In the Heart, the Ache of Longing

The human heart is never still. There is a divine restlessness in each of us which creates a continual state of longing. You are never quite at one with yourself, and the self is never fixed. There are always new thoughts and experiences emerging in your life; some moments delight and surprise you, others bring you onto shaky ground. On the outside, your body looks the same. Your behaviour, work, home, and circle of friends remain consistent and predictable. Yet behind this outer façade, another life is going on in you. The mind and heart are wanderers who are always tempted by new horizons. Your life belongs in a visible, outer consistency; your inner life is nomadic. Hegel says, “just this unrest that is the Self.” Your longing frequently takes you on inner voyages that no one would ever guess. Longing is the deepest and most ancient voice in the human soul. It is the secret source of all presence, and the driving force of all creativity and imagination: longing keeps the door open and calls towards us the gifts and blessings which our lives dream.
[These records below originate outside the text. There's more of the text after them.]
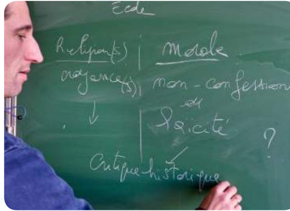
Comprendre la laïcité
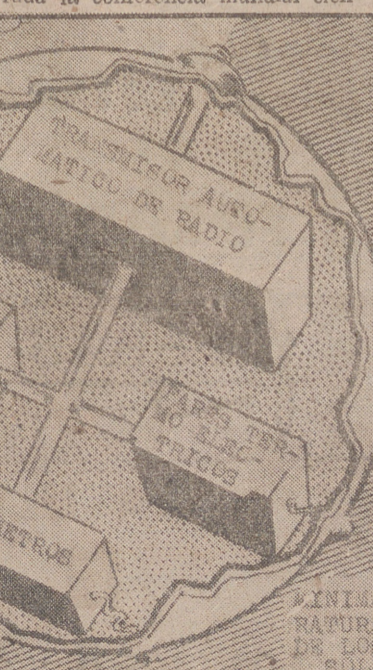
Este dibujo muestra lo que será el equipo del primer satélite artificial de la Tierra, que los Estados Unidos se proponen lanzar al espacio interplanetario en el plazo de dos a tres años. La pequeña «Luna» tendrá el diámetro de una pelota de balón y se dispondrá de aparatos de precisión para la medida del frío y el calor, las radiaciones solares y hasta un registrador «geiger» para medir la intensidad de los rayos cósmicos, así como un transmisor de radio, que estará en comunicación con las estaciones terrestres. (Foto Cifra).

SAIGON, 3.—Los terristas han arrasado hoy la aldea de refugiados Puocly, dejando a 10.000 personas desamparadas. Los bandidos, que se cree en los círculos gubernamentales son miembros de la banda de los Binh-Xuyen, prendieron fuego a chozas y refugios, dejando gran número de heridos entre los refugiados. La aldea de Puocly está situada en la región de Bien Hoa, a unos 35 kilómetros al este de esta capital. (Efe.)
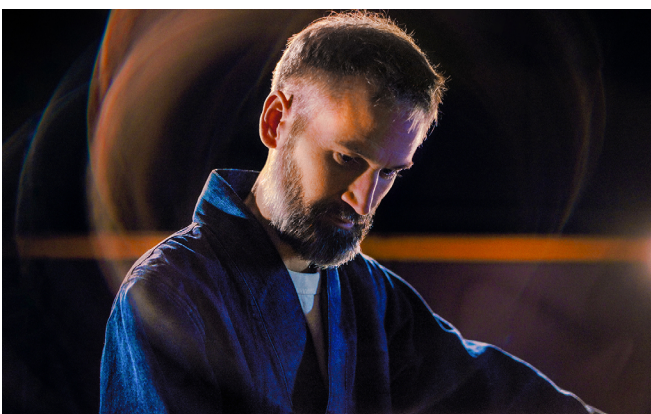
Roberto Negro

Avec : Roberto Negro, compositions, piano, voix.
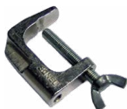
Zacisk imadłkowy (wtyk bananowy)
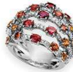
Art. ADZO 8723 Zaffiri Orange ct.3,60 Diam.ct.0,65. Gold 18 kt. gr. 11,00
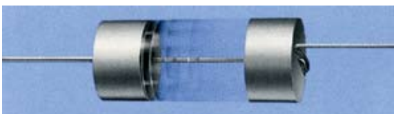
FIGURA 3 - Magnetos terra raras da liga samário-cobalto ( \text{Sm}_2\text{Co}_{17} ).
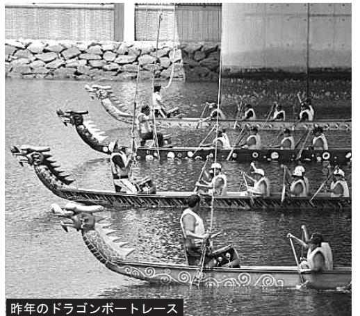
昨年のドラゴンボートレース
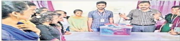
శిక్షణ పొందుతున్న యువత

అక్వీరియం చేపల పెంపకంపై శిక్షణ రూ.2 లక్షల పెట్టుబడితో వ్యాపారం చేసేందుకు అవకాశం కందుకూరు చేపల అక్వీరియం రంపచోడవరం: గిరిజన యువతకు ఉపాధి అవకాశాలు కల్పించేందుకు పందిరిమామిడి వృద్ధి విజ్ఞాన కేంద్రం ఏకేషన్ వృద్ధి చేస్తోంది. ఆర్థికంగా బలోపేతం చేసేందుకు అవసరమైన అనేక శిక్షణ ఇస్తున్నారు. కేంద్రం ద్వారా చేపలేగుల పెంపకం, ఇతర మత్స్య పెంపకం, మిక్సిడ్ విద్యుత్తు తయారీ, పవనతో విలపన అధారిత ఉత్పత్తులు, చేపలతో వర్చువల్ కయారీ వంటి అనేక అంశాల్లో శిక్షణ ఇస్తోంది. తాజాగా 30 మంది యువతకు అక్వీరియం తయారీ, చేపల పెంపకం, ఉత్పత్తిపై వరుస రోజులపాటు శిక్షణ పూర్తయింది. గృహోపకరణాల్లో భాగం అక్వీరియం ఇంట్లో ఉత్పత్తిని అందజేయడానికి అవకాశం ఉంది. ఇటీవలే కాలంలో వాస్తవ ప్రకారం అక్వీరియం లను ఇతర వర్గాలు చేసుకుంటున్నారని, దీంతో అక్వీరియం మార్కెట్లో డిమాండ్ ఉంది. ఈ నేపథ్యంలో అక్వీరియం ద్వారా చేపల పెంపకం, ఉత్పత్తిపై ప్రాధాన్యత సంతరించుకుంది. ఈ మేరకు వృద్ధి
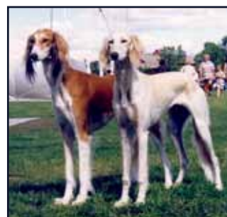
FI CH Shebnaz Sabaka & FI CH Kuriirin Bianca Bey
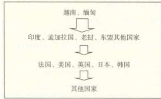
图1 滇桂边境旅游国别推进营销模式

为解决进少出多的问题，应内联外拓，突出自然风光和边贸特色向国外联合宣传，积极吸引国外游客来华旅游。按照国别推进模式，有层次的向外推销（如图1）。同时，在国内按照地区推进模式，有重点地进行宣传（如图2）。
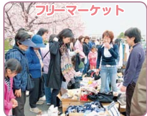
フリーマーケット
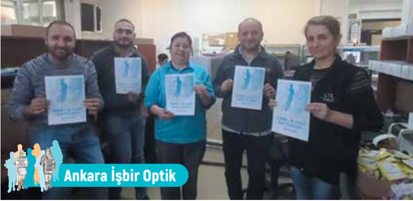
Ankara İşbir Optik
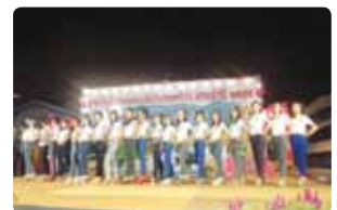
จัดประกวดสาวสวยวัยใส
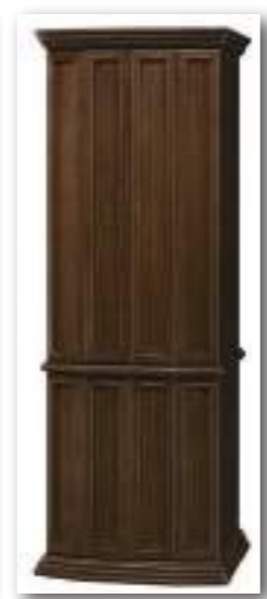
50号 ダークブラウン
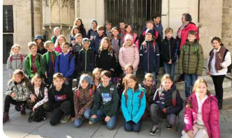
Die Schüler:innen beim Ausgang aus dem Dom
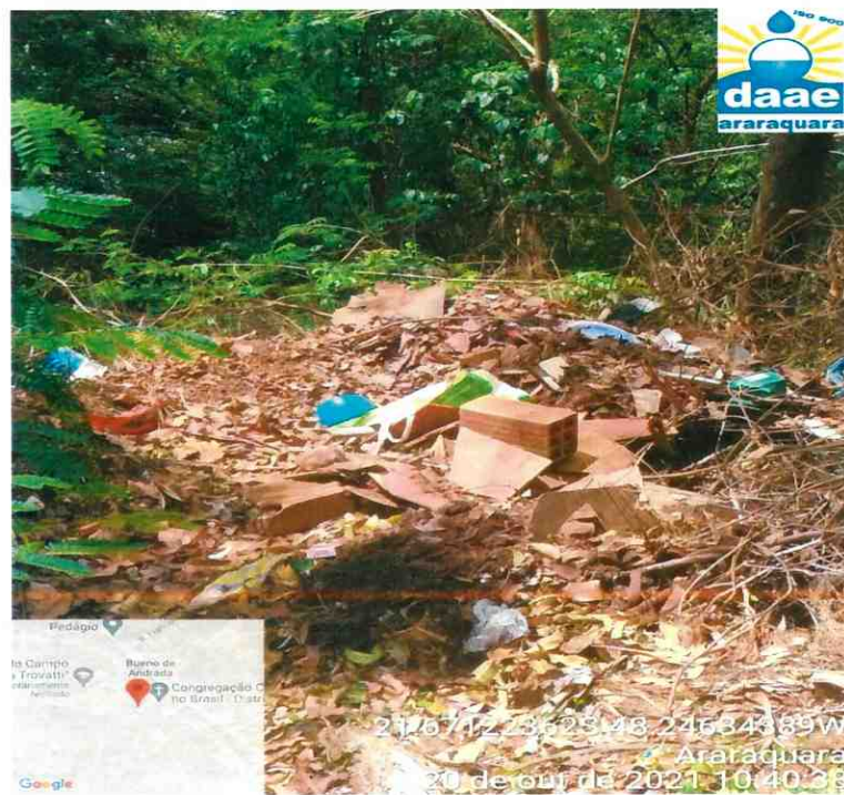
Imagem 06: Resíduos descartados em área de mata no final da Rua Júlio de Freitas
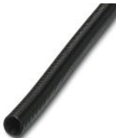
Schutzschlauch aus Polyamid, Brennbarkeitsklasse V0, UV-beständig

Bitte beachten Sie, dass die hier angegebenen Daten dem Online-Katalog entnommen sind. Die vollständigen Informationen und Daten entnehmen Sie bitte der Anwenderdokumentation. Es gelten die Allgemeinen Nutzungsbedingungen für Internet-Downloads. ( http://phoenixcontact.de/download )
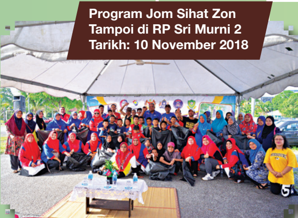
Program Jom Sihat Zon Tampoi di RP Sri Murni 2 Tarikh: 10 November 2018
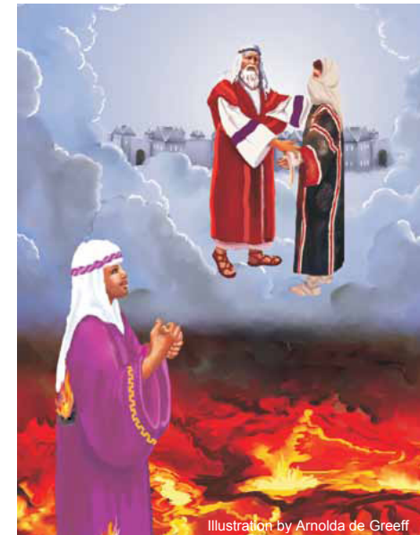
Illustration by Arnolda de Greeff

Jesús completa la sorpresa diciéndoles que el hombre rico también murió
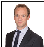
Adrian Hilton Desde Oct 20

Sociedad gestora: Threadneedle Man. Lux. S.A. Fondo de tipo paraguas: Columbia Threadneedle (Lux) I Fecha de lanzamiento: 30/09/94 Índice: J.P. Morgan EMBI Global Index Grupo de comparación: Morningstar Category Global Emerging Markets Bond
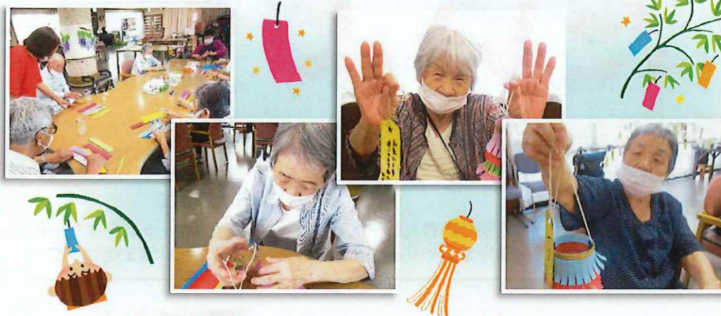
七夕飾りを制作し記念撮影。皆様のお願いを天の川へ届けました。
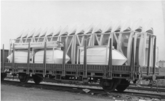
Foto 4 (links) Wagon geladen met een twintigtal roeiboten, klaar voor internationaal vervoer.

Hamburg bouwde op het ganzengors. Het begon met de productie van polyester roeiboten, vervolgens kleine zeilboten, daarna snelle speedboten en eindigde met grote, luxe, stalen jachten. Op het terrein van Van Hamburg werd een helling aangelegd waarmee de grotere schepen te water gelaten konden worden.

Longing belongs to the word family associated with the word “long”; it suggests either a spatial measurement or a temporal duration. The crucial point here is that longing is a quality of desire which distance or duration evokes. In other words, your longing reaches out into the distance to unite you with whatever or whomsoever your heart desires. Longing awakens when there is a feeling that someone or something is away from you. It is interesting that the word “desire” comes from the Latin “desiderare,” which originally meant “to cease to see.” This suggested a sense of absence and the desire to seek and find the absent one. Another possible root of “desire” is “de-sidus,” “away from a star.” When you are in a state of desire, you are away from your star. Your heart yearns for the light and luminosity that are now absent. While we are in the world, a large area of the heart is always in exile. This is why we are suffused with longing. Deep down, we desire to come back into the intimate unity of belonging.